Trump Senate ally Lindsey Graham (R) of South Carolina proposed reopening the government for a stretch, allowing workers to be paid and negotiators to work out a deal. Trump responded, No, let’s make a deal, then open up the government. Democrats insist on opening the government first, then negotiating a solution on immigration.
Senator Graham has supported the notion of Trump declaring a national emergency and repurposing federal money for the wall – a gambit that would certainly land in court. But at least Trump could tell his supporters he did everything he could. Trump has swung from saying he would almost definitely declare an emergency, to backing off the idea.
“In negotiation lingo, Trump calling a national emergency is his BATNA – his Best Alternative to a Negotiated Agreement,” says Shapiro. “But you know it’s clearly not attractive enough for him to, as yet, walk away from the negotiation table.”

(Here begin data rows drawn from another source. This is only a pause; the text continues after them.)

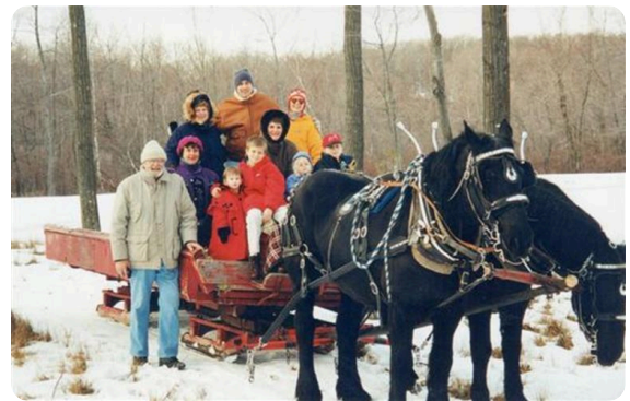
Holiday sleigh ride in CT 1997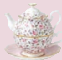
Rose Confetti Tea For One 0.49ltr 40002399 701587144483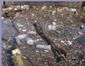
Waters with high organic load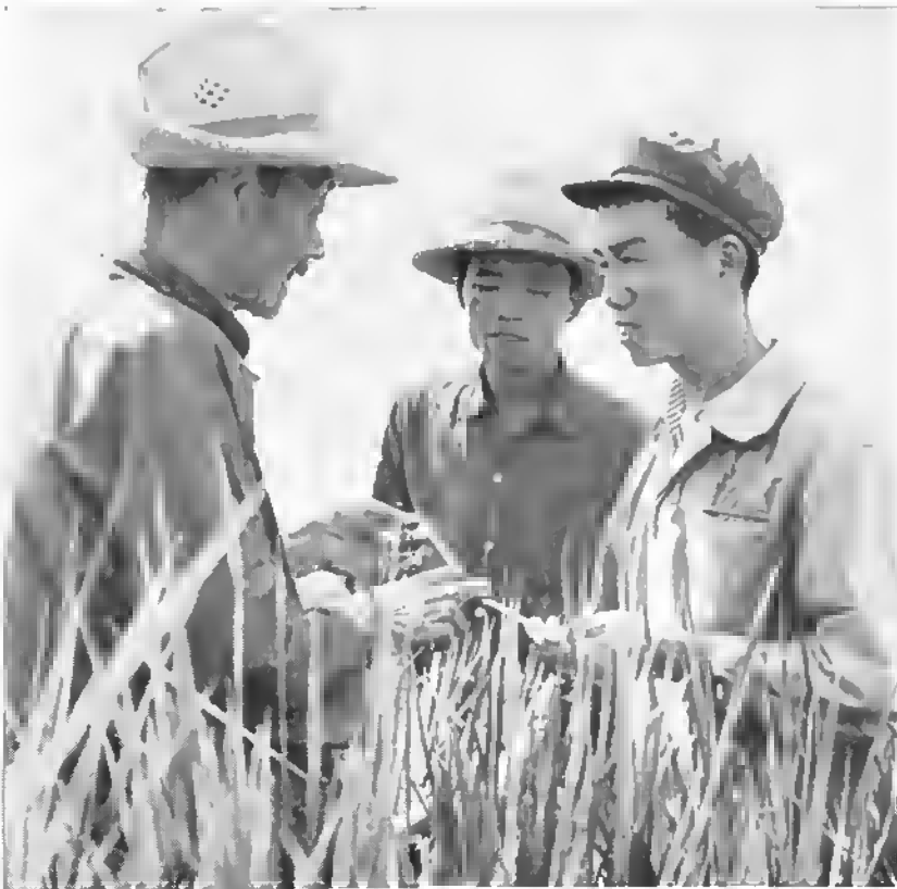
A Kunshan Chemical Fertilizer Plant worker (right) discusses the effectiveness of his plant's fertilizer with two local peasants.

In Kiangsu province, 37 small rural plants went into production in the past decade. The Wuchin Chemical Fertilizer Plant, with a capacity of 3,000 tons of synthetic ammonia per year, was begun in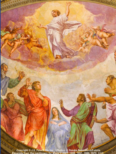
Copyright © J.S. Paluch Co., Inc. Excerpts from the Lectionary for Mass © 2001-1998, 1997, 1986, 1970, CCB.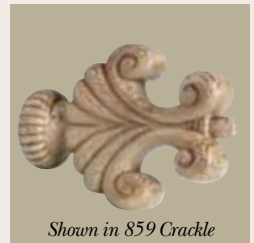
CWB108 Swirl Finial Size: 3" w x 5 5/8" h x 8" d For use with 1 3/8" & 2" Poles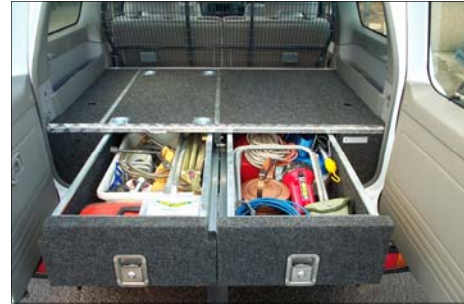
BW1000 Twin drawers & cargo barrier top GU Rear twin floor with cut out below

Note: If vehicle fitted with full length barrier, BW900 drawers can be fitted. (Twin floor not available to suit)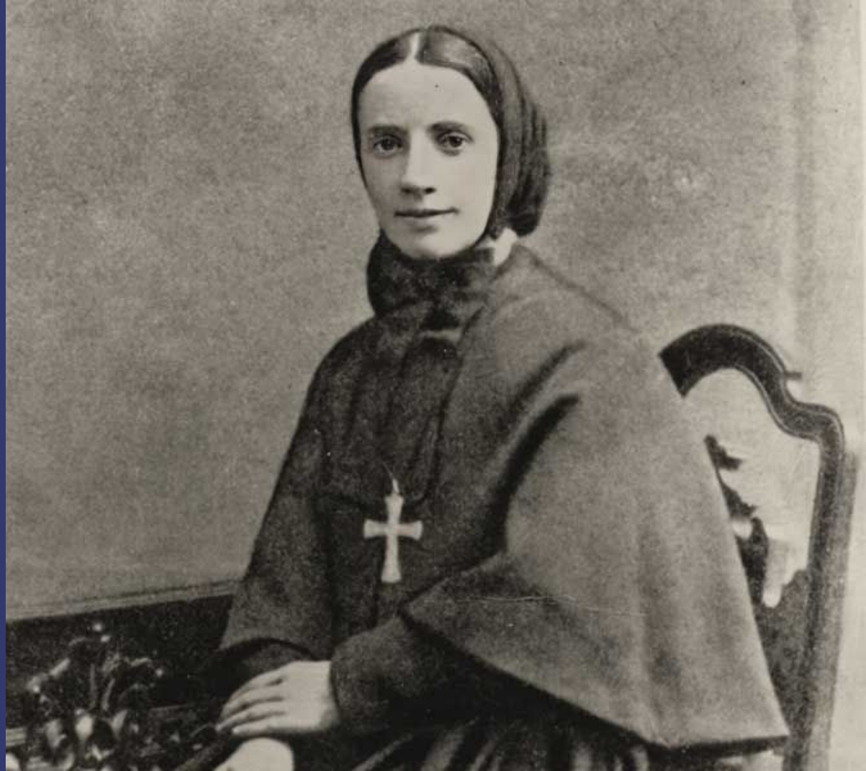
St. Frances Xavier Cabrini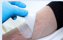
Figure 3: Hydrocolloid Technology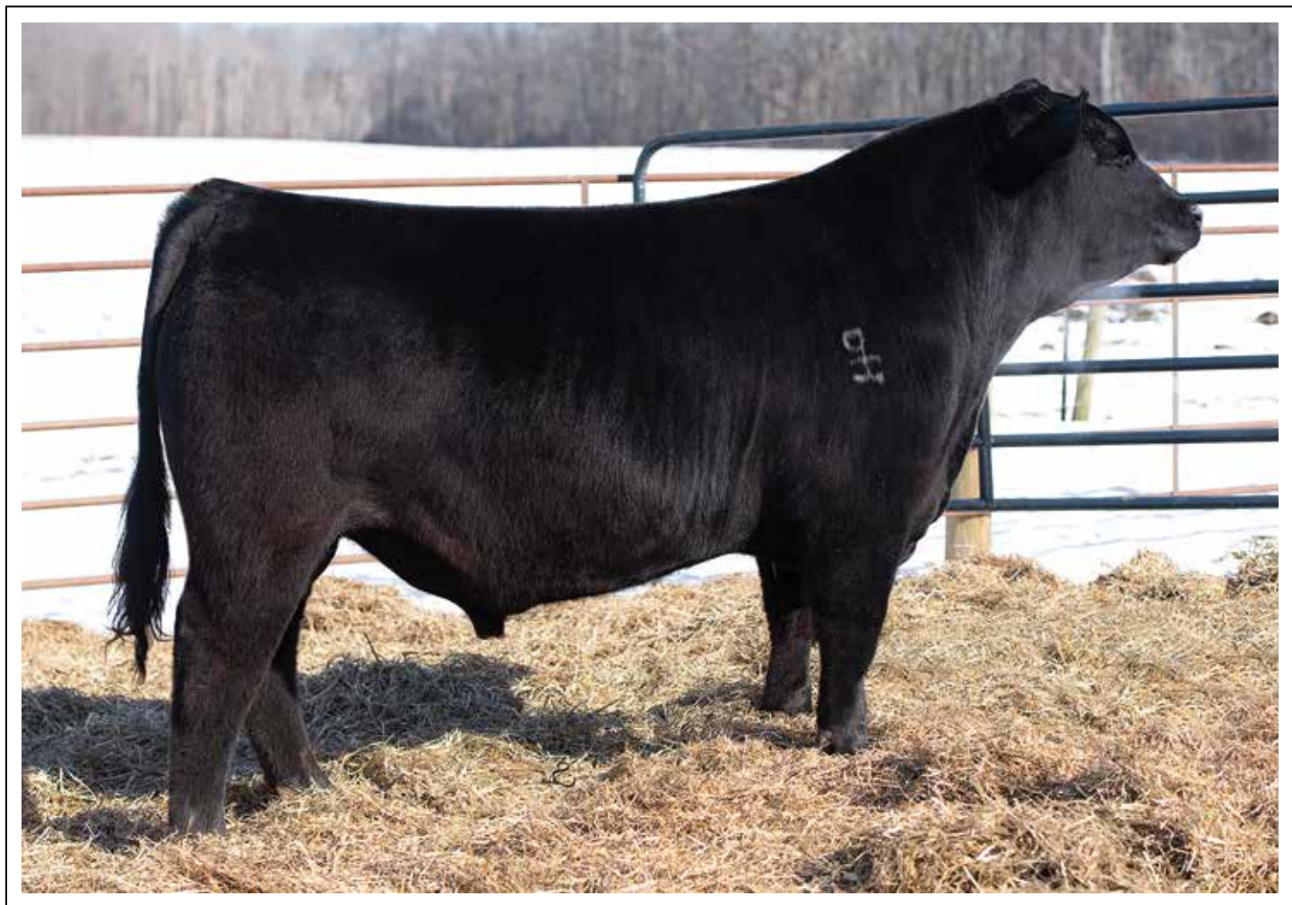
Lot 64 WPCC OVERTIME J613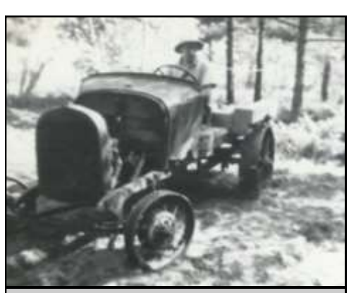
"Leapin' Lena" was used to transport building supplies during the construction of the camp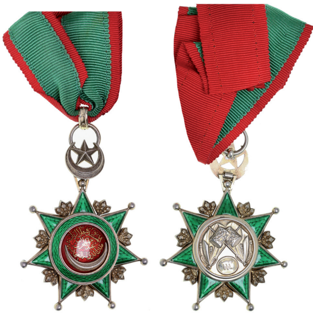
4237* Turkey , Order of Osmania, Commander's neck badge in silver, gilt and enamel. Extremely fine.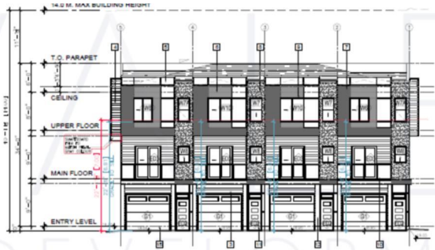
3 REAR ELEVATION - WEST (BLOCK 2) 1/8" = 1'-0" COLOR SCHEME 1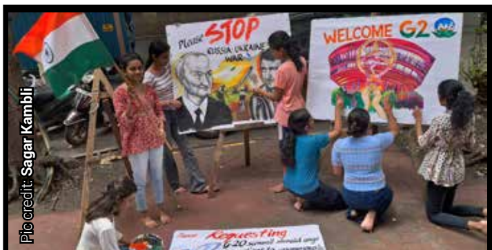
Students in Mumbai are spreading message of peace to "Stop Russia - Ukraine war" amid tensions seen between the two countries through their paintings while ongoing G20 Summit in Delhi.

The areca nuts in split form attract an effective Customs duty rate of 110 per cent of the value. Hence, the attempted duty evasion in this case by way of misdeclaration is around Rs 36 crore. Further investigation is underway, the official added. PTI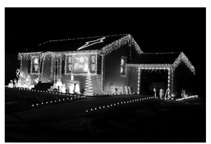
5041 L Street

The Kaufman family at 5101 M Street won first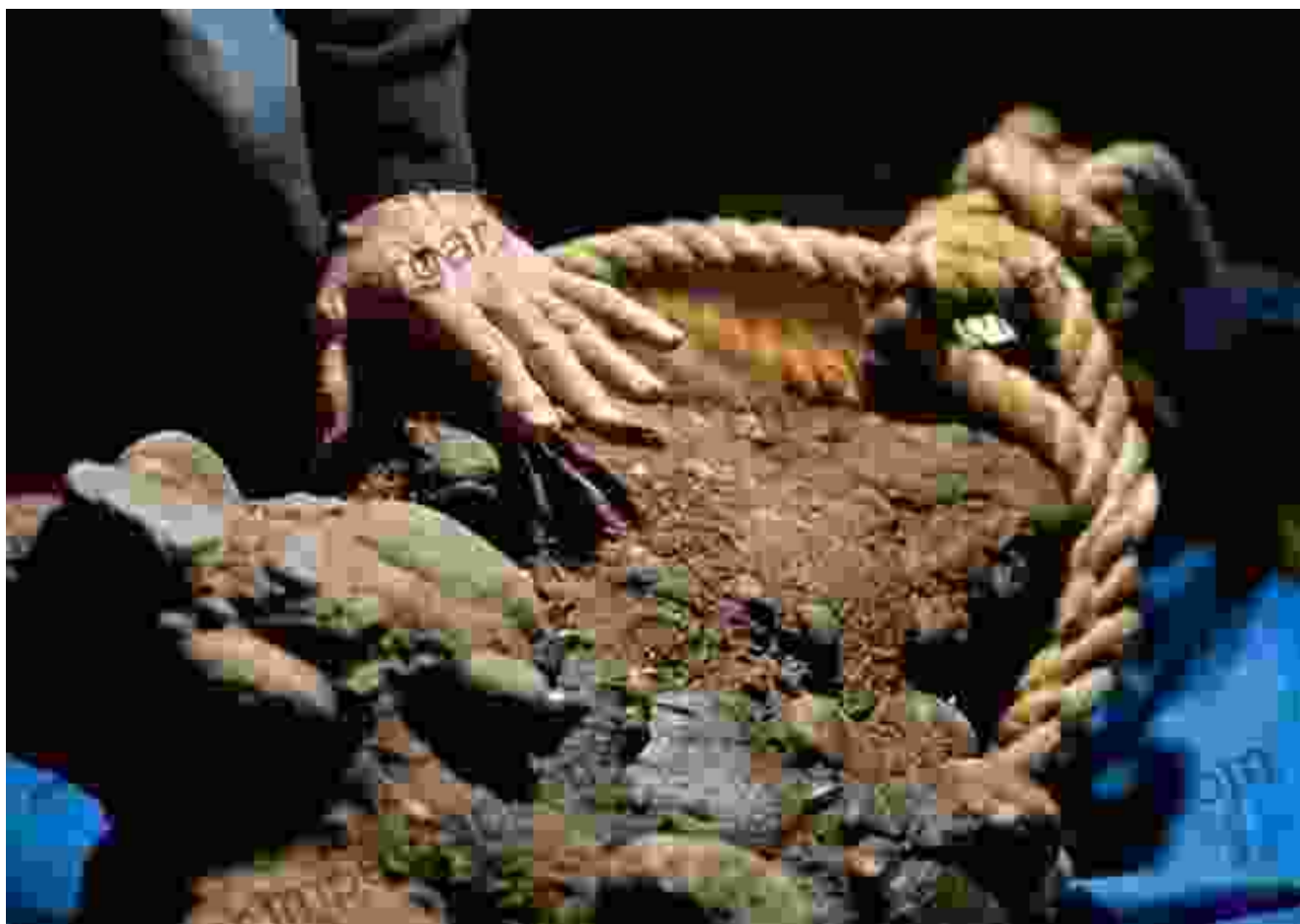
Artifacts recovered from the Whydah pirate ship

Semantics can also play a role in conflict resolution, and allow both sides to save face. In any final resolution that involves money for the border, Trump can say he got his “wall,” Democrats can say they got “border security,” and each can declare victory to their respective political bases.
Blair, the Trump biographer, sees the border wall as more than just the fulfilling of a core campaign promise. It goes to the essence of what Trump is about.
“He has spent decades building up his brand – on buildings, on television,” she says. “His gut instinct, I suspect, is that the wall is part of the brand of being president.”